W3C home > Mailing lists > Public > public-html@w3.org > July 2010

Re: Polyglot Markup/XML encoding declaration

From: Leif Halvard Silli <xn--mlform-iua@xn--mlform-iua.no>
Date: Wed, 28 Jul 2010 20:17:58 +0300
To: Lachlan Hunt <lachlan.hunt@lachy.id.au>
Cc: HTMLwg <public-html@w3.org>, Eliot Graff <eliotgra@microsoft.com>, public-i18n-core@w3.org
Message-ID: <20100728201758147140.51583146@xn--mlform-iua.no>
Lachlan Hunt, Tue, 27 Jul 2010 13:21:03 +0200:
> On 2010-07-23 16:26, Leif Halvard Silli wrote:
>> Proposal: Polyglot Markup should allow the document encoding to be set
>> via the encoding attribute of the XML declaration. The XML declaration,
>> including the encoding attribute, thus becomes a HTML5 extension,
>> whenever polyglot markup is being consumed as HTML. (See my previous
>> letter to Sam, about the XML declaration as polyglot markup indicator.)
> 
> I object to this because permitting the XML declaration would only 
> serve to pollute the document with unnecessary markup,

A polyglot may be served as XHTML. XML 1.0 does not consider the XML 
declaration unnecessary pollution. There are several things in a 
polyglot that is unnecessary from a purist HTML point of view!

> and to mislead 
> authors about how the encoding of a file is actually determined.
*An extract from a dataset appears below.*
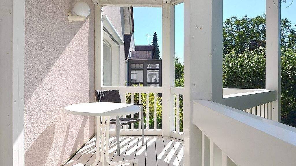 Der angrenzende Balkon mit Tisch und Stuhl lädt zum Verweilen ein.

I agree that it was bad of me to hint that a HTML consumed file should 
be able to rely on the XML encoding declaration only.  To remove any 
doubt, I emphasize - stronger - that if the XML encoding declaration is 
used, then the HTML encoding declaration - meta@charset - must also be 
used.

In detail, the following rules:

1) <meta charset="*"/> is recommended, but optional, as in HTML5.
   (Eventually, special rules for UTF-16.)
2) <?xml version="1.0" ?> without encoding declaration is 
   recommended, but optional, as in XML 1.0.
3) <?XML version="1.0" encoding="*" ?> (with encoding declaration)
   is required - *together* with meta@charset! - under the same 
   conditions as in XML 1.0. That is: when no higher protocol 
   (e.g. HTTP) informs about the encoding *and* the document 
   encoding is neither UTF-16 nor UTF-8.

> There have been many observed instances of otherwise useless markup 
> being used by misled authors in ways that don't actually do anything. 
> Many of these cases have now been made optional or obsolete in HTML5 
> because of the wasted effort they were causing, and so introducing 
> new markup with no real purpose would not be wise.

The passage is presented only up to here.